6. The clear plastic tail drags on the ground, and the attached encoder provides an absolute measurement of vertical. When the robot turns on, it assumes that the current encoder reading represents straight upright. If you plugged in the computer board while the robot was not standing straight up, you can reset the computer board by pressing the tiny reset button beside the motor test button. "RESET" is printed on the board beside the button.
   
   The reset button. Click for full-size
7. Run your control program. Quit with Ctrl-C.

Safety

The robot is equipped with a bubble wrap helmet to protect it in case of a bad fall. However, please avoid dropping it or letting it fall over. If you push the plastic tail sideways, it can easily break the encoder shaft. Please be careful. If you need to handle the robot extensively, you can slide the tail off the encoder and set it aside until you need it. This robot is not as powerful as the pendulum robot, but it can still move away from you very quickly. Please keep your hand close to grab it.

Charging the batteries

We will try to keep the batteries charged, but if you have to charge them, here is the procedure. The battery chargers are "Electrifly Peak 400" chargers. Plug the clips on the 12VDC input to the 13.8 Volts output of the Hobbico. Plug red to red and black to black. You may plug both chargers in at once.

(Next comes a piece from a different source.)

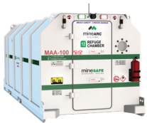
MS-SDE1-08-SIV-36 (8 Personas)

Algunas de las características de transporte especiales incluyen configuraciones angostas diseñadas a medida específicamente para operaciones en piques, o construcciones modulares que permiten desmontar la cámara de refugio en secciones más pequeñas antes de su transporte para su posterior montaje bajo tierra.

Rest the charger and robot on the floor. Set the "CHARGE CURRENT" switch on the charger to 1.2A. Turn on the power supply. Plug the battery into the charger. Hold down the "START" button until the "NIMH" light turns on. When the battery is charged, the lights will start flashing again. The battery will have enough charge to use sooner than that, so you don't have to wait that long.

The code

You may downlod the code here. A copy of the code is already available on the REL computer at /root/balancer-code.zip. Unzip the code and build it by going into balancer-code/ArtLPC/Balancer and typing make -f Makefile-POSIX. Then run POSIX/lqr-test. Modify the file linear-control-pitch-encoder.c. Communication protocol code is in serial-robot-interface.c.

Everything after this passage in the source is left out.